The Australian trial will involve up to 60 children aged seven to 14. After an assessment to check for auditory hypersensitivity, they will be split into two groups: one group will receive the treatment and the other won't.
Each group will be assessed during the intervention, after three months and again after 12 months. (The children who don't initially receive the treatment will later be invited to participate.) If a success, the therapy could be rolled out nationally in delivery centres overseen by the foundation.
Professor O'Leary is cautiously supportive of the foundation's trial, "since it involves listening to voices or music and giving the child attention that is beneficial to them". But he adds, "I'd be very interested to hear what the outcome is, particularly if these children become less sensitive to sound, but I wouldn't be convinced that the middle ear muscles have been tuned. I think that's in the land of conjecture and requires a much better evidence base."

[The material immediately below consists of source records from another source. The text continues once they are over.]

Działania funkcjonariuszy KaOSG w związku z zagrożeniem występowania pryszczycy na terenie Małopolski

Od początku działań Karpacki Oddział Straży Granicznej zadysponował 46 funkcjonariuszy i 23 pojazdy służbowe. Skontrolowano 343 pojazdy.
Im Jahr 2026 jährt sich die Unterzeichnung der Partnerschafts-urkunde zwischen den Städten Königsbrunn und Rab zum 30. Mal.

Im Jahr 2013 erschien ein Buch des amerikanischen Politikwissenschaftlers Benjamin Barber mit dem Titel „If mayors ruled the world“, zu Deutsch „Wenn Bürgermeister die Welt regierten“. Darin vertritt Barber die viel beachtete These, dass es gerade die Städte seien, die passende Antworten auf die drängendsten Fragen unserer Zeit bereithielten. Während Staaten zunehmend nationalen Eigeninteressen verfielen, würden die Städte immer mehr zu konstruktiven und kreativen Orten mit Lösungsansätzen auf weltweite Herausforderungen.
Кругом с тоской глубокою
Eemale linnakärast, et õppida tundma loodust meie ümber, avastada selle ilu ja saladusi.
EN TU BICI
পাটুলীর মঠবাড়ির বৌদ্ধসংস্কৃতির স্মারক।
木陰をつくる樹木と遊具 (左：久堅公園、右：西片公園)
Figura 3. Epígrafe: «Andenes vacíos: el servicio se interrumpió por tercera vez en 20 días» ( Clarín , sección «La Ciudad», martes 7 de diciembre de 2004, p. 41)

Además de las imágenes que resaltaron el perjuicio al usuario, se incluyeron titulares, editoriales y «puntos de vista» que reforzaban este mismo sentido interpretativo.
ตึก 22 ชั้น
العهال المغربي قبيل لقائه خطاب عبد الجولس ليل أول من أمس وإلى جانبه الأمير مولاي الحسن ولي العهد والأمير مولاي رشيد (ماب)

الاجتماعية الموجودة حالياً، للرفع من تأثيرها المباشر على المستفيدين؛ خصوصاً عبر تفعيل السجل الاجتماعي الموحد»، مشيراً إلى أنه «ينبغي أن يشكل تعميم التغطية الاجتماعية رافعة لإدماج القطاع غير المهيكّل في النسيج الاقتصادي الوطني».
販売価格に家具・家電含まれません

Dr Siegal, too, raises questions about the long-term effectiveness of the therapy for children when they are exposed, once again, to stress. How would they be convinced "that the world is safe, when they only feel safe when they have those headphones on?" he asks.
Dr Porges acknowledges that a child's new-found resilience can go dormant again if they get sick or are put in non-supportive environments. But the system is easily rehabilitated, he says; in some cases with just an hour of treatment.
Weller hopes the therapy will help to reshape the children's identities. "When you're not calm and feeling that relationships aren't safe, it's really hard to be a kid in the world and do the things like play and hope and dream and have fun," she says.
"The point that Dr Porges makes, that connectedness is a biological imperative, really resonates with me.
We need to feel connected to another to be able to be physically alive and well and calm in the world."
Dr Tucci says he views the affected children's middle ears rather like out-of-tune violins. "We'll take that middle ear muscle and tone it; retune it, to make the human voice a song to these kids, rather than a source of terror."